India Venster

India Venster
  • 2-3 hours (up)
  • Difficult terrain
  • Partly shaded
  • Little water
  • Not dog friendly

The most direct yet adventurous pathway up Table Mountain. Breath-taking views of Cape Town harbour, the city bowl, Lions Head, Signal Hill and the ever shrinking suburbs below accompany you on what is often described as the most difficult route up to the top. Best to go in a group, this route involves a number of rocky outcrops to scale, narrow gullies to navigate through as well as a metal-laddered section to help you up a small cliff-face. Snaking its way up directly beneath the cable station, passengers in the cable car will keep your spirits up as they happily wave overhead.


Starting adjacent the Table Mountain Cable Car Station on Tafelberg Road – 50metres to the right of the station, facing the mountain – this popular hiking trail up Table Mountain follows directly beneath the cable car wires all the way to the summit of the peak. It starts with a gradual incline, made up mostly of rocky stairs for approximately 20 minutes until it reaches the contour path. At that point, a very clear sign for “India Venster” will point you in the right direction. The entire route upwards is demarcated with yellow-painted footprints on rocks along the path, which are a constant marker to keep you on the right track. They are sporadic, yet should you not see one for 15 minutes, take it as a sure sign you have deviated off the path.

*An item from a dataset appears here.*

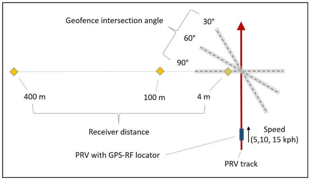 In order to quantify sources of variability in geofence crossing signals, a 3 × 3 × 3 factorial experiment was conducted in a clear area under open skies using a motorized portable recreational vehicle (PRV) designed to run on a wooden track at the University of Idaho Forest Operations Research Lab in Princeton, Idaho (46.916096°N–116.831736°W). The experiment was conducted in an open area in order to isolate factors of interest from the potential effects of forest canopy, which are being evaluated in a separate experiment. The recreational vehicle was a motorized cart elevated on a track constructed of pressure-treated structural lumber (3.81 cm × 13.97 cm). The cart was coupled to the track using angle irons with vertical and horizontal wheels, providing a smooth, straight course for evaluation of position, navigation and timing with minimal influence due to variability of the ground surface. The experiment had three levels of vehicle speed (5, 10, and 15 km/h), three levels of geofence intersection angle (30 degrees, 60 degrees, and 90 degrees), three levels of receiver distance perpendicular to the track (4 m, 100 m, and 400 m), and 3 replicates for a total of 81 trials. The track was 60.96 cm in width, and was leveled to less than 10 cm height difference along the 120 m length used for the experiment. It was aligned on the magnetic East/West axis using a total station. The track was flagged at 10 m increments. A WAAS-enabled GNSS-RF transmitter (TT 15, Garmin, United States) was attached via its collar to the front bumper of the PRV, centered on both the bumper and the track approximately 15 cm above the track. The handheld receiver with extended antenna (Alpha 100, Garmin, United States) was attached via a cardboard holder and zip-ties at a height of 1.58 m to a PVC pole driven into the ground at a set 5 m distance perpendicular to the 80 m point along the track, as measured by a total station. The receiver and transmitter were separated only by unobstructed flat land to avoid signal interruptions or reroutes that could affect the transmission times. The geofence was centered on the track at 80 m, and geofence angles were sighted using a total station []. For each angle, the end points of the geofence were set to 20 m from the track (Figure 1). Because the Garmin Alpha handheld unit requires polygonal or radius geofences, and not lines, the extraneous points were set 20 m out, 10 m before the start of the track. Points were added to the geofence in the receiver as an average of three waypoints at each location. A calibrated speedometer was mounted to the PRV to provide speed feedback to the driver and was validated through hand timing.

From the sign onwards, the elevation steepens, with a bit more scrambling and larger rocks to tackle. All are made easier to scale with sufficient hand and footholds eroded into the rock over time.

The path snakes its way upwards at fairly steep elevation, maintaining its course under the cable car while providing breath-taking views of the Cape Town city bowl, harbour and beyond, as well as the ever-diminishing figure of Lions Head.

Just after the point of being at level elevation to Lions head, about 1.5 hours in, the first of three steep sections of the hike appear. This first rock-face is around five-seven metres high, yet has more than enough footholds to help you up. Be prepared to wait a bit at this point as it may become congested on a busy day.

Further up the path, just a few minutes later, the second scramble awaits, again with more than sufficient ledges and footholds to help you clamour over the large boulders.

The path continues to wind its way up, until it reaches the last rocky face that requires climbing. This 15-20m ascent is the most taxing part of the hike, with steel rungs and chains embedded into the rock to help your climb up the rock face, before entering a narrow gully that has numerous edges, nooks and crannies to use as hand and foot-holds.

At this point, the cable car station at the summit of the mountain is 400m above you, just to the right. With the hard part over, all that is left is to follow the path and yellow markers along an easily walkable path to the summit.

A few large step-like rocks lie in wait, before meeting a large rocky outcrop beneath the cable car. Take the clearly marked pathway on the left, which leads up and around this feature to a level area with a clear view of the pylons streaking up from Kloof Corner, to the far right of Table Mountain.

The clearly marked path then veers off to the right beneath the cable car station, with the path to the summit then making its way around the right hand side of the mountain, behind the station and directly above Camps Bay. In winter, the steep rock faces to the top become mini waterfalls as water drips down onto the pathway at certain points.

The well-beaten track, now consisting of sand, continues around the back of the mountain, passing a square concrete building – an old pump station – before intersecting the pathway from the route up Platteklip Gorge.

A short segment along wooden boards then appears, before a gentle, paved ascent to the summit of the mountain, where spectacular views, inquisitive dassies, a curio and snack shop, and the beauty of nature and surrounds awaits!


The path is clearly marked with yellow painted footprints, and is well-used and easily distinguishable. Stay on this path. If you haven’t noticed a yellow painted footprint for more than 15 minutes, retrace your steps and follow the well-beaten track.

Pack warm and water-resistant clothing, no matter the weather at the start. Rain and mist can quickly cover the mountain, with strong and icy winds to boot. Gloves and a beanie in winter won’t be misplaced. In Summer, avoid starting the hike too late in the day as temperatures may rise rapidly.

Pack enough water and snacks for the day to stay hydrated and energised. It is one of the most direct ascents up Table Mountain, and can be quite taxing on those less fit.

It is not advisable to descend down the same route. Either descend via the cable car – remember to take money with you at the start of the hike – or down Plattekip Gorge.

Although deemed “one of the most difficult trails up Table Mountain”, we were honestly underwhelmed by this description – it is very manageable, and not at all what we were initially told it would be. Bear in mind, though, that this is coming from 20-something, fit and more or less experienced hikers, so if you’re a rookie, read this with a pinch of salt.